Why do GCN Architecture chips tend to use more power than comparable Pascal/Maxwell Chips?

Discussion in 'Architecture and Products' started by Genotypical, Dec 21, 2017.

  1. Genotypical

    Newcomer

    Joined:
    Sep 25, 2015
    Messages:
    38
    Likes Received:
    11
    I figure some here would have good ideas on this. One reason I suspect is the difference in scheduling. I usually link people to this article

    https://www.anandtech.com/show/5699/nvidia-geforce-gtx-680-review/3

    I assume later Nvidia architectures continued and improved on this. Things weren't as great with Kepler so I left it out of the title, but it started there. As long as just this one difference remains its very unlikely consumption numbers will match at the same or similar manufacturing node, right? are there other factors?
     
  2. silent_guy

    Veteran Subscriber

    Joined:
    Mar 7, 2006
    Messages:
    3,754
    Likes Received:
    1,379
    You have a chip with 3072 or 4096 FP32 FMAs, tons of texture units, and ROPs, large register files and caches.

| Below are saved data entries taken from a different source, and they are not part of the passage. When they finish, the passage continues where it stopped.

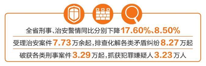 全省公安治安部門聚焦夏季高發治安違法犯罪、公共安全風險隱患、行業場所“黃賭”問題、社會矛盾糾紛、學生校園安全等重點工作,受理治安案件7.73萬余起,排查化解各類矛盾糾紛8.27萬起,有效保障了人民群眾安居樂業、幸福安寧。刑偵部門針對人民群眾反映強烈的突出犯罪活動,持續掀起依法嚴打凌厲攻勢,全省共破獲各類刑事案件3.29萬起,抓獲犯罪嫌疑人3.23萬人。與緬方執法部門加強警務合作,4666名緬北涉我電詐犯罪嫌疑人移交我方,有力回應了人民群眾關切。禁毒部門依托“清源斷流-2023”行動夏季戰役,堅決阻截境外毒品滲透內流,共破獲毒品案件574起,抓獲犯罪嫌疑人645人,繳獲毒品4.4噸,查獲吸毒人員3591人,阻截可制毒化學品959.86噸,抓獲“釘子”逃犯21人,查獲新型毒品及替代物質456.4公斤,切實筑牢云南禁毒安全防線。環食藥偵部門緊盯食品、藥品、知識產權、生態環境、森林草原五大領域治安突出問題,大力推進“昆侖2023”專項行動,共立食藥環和知識產權領域刑事案件2025起,破案2258起,抓獲嫌疑人2298人,全力維護群眾“舌尖上的安全”,守護好云南的綠水青山。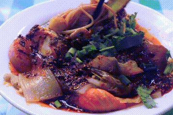 淋上一勺色泽红亮的甘谷辣子
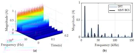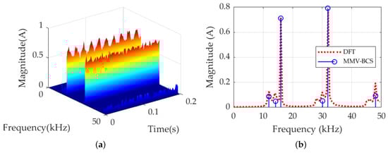 Figure 9a is the 3-D spectrogram of the supraharmonics obtained by the MMV-BCS algorithm with a 25 Hz frequency resolution, and it can be seen that the spectrum leakage can be suppressed significantly compared to the DFT algorithm. There are two main supraharmonic components, and the magnitude of each supraharmonic component has a fluctuating characteristic. Figure 9b is the average spectrum of the reconstructed 100 sets of high-resolution spectra. Two major peaks are obtained: at 15.97 kHz, the magnitude of the supraharmonic component is 0.7134 A, and at 31.93 kHz, the magnitude of the supraharmonic component is 0.7925 A. Some adjacent small supraharmonic components are also successfully detected.
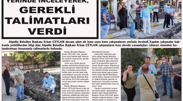 Alpullu Belediye Başkanı Erhan CEYLAN, Yeni yapılan içme suyu hattıyla ilgili çalışmaları yerinde inceleyerek, gerekli talimatları verdi.

    They take up the vast majority of die size and have wires and transistors that are toggling all the time.

    Yet the first thing that comes to mind about what makes the most difference in power consumption is ... scheduling.
     
    orangpelupa and Bob like this.
  3. Grall

    Grall Invisible Member
    Legend

    Joined:
    Apr 14, 2002
    Messages:
    10,801
    Likes Received:
    2,171
    Location:
    La-la land
    From what I seem to recall, those statements are mostly a misinterpretation, and besides, "scheduling" would not make up a very large portion of the GPU energy budget anyhow. Certainly not the 50-100W variations in power that can be seen in recent comparable AMD/NV GPU generations.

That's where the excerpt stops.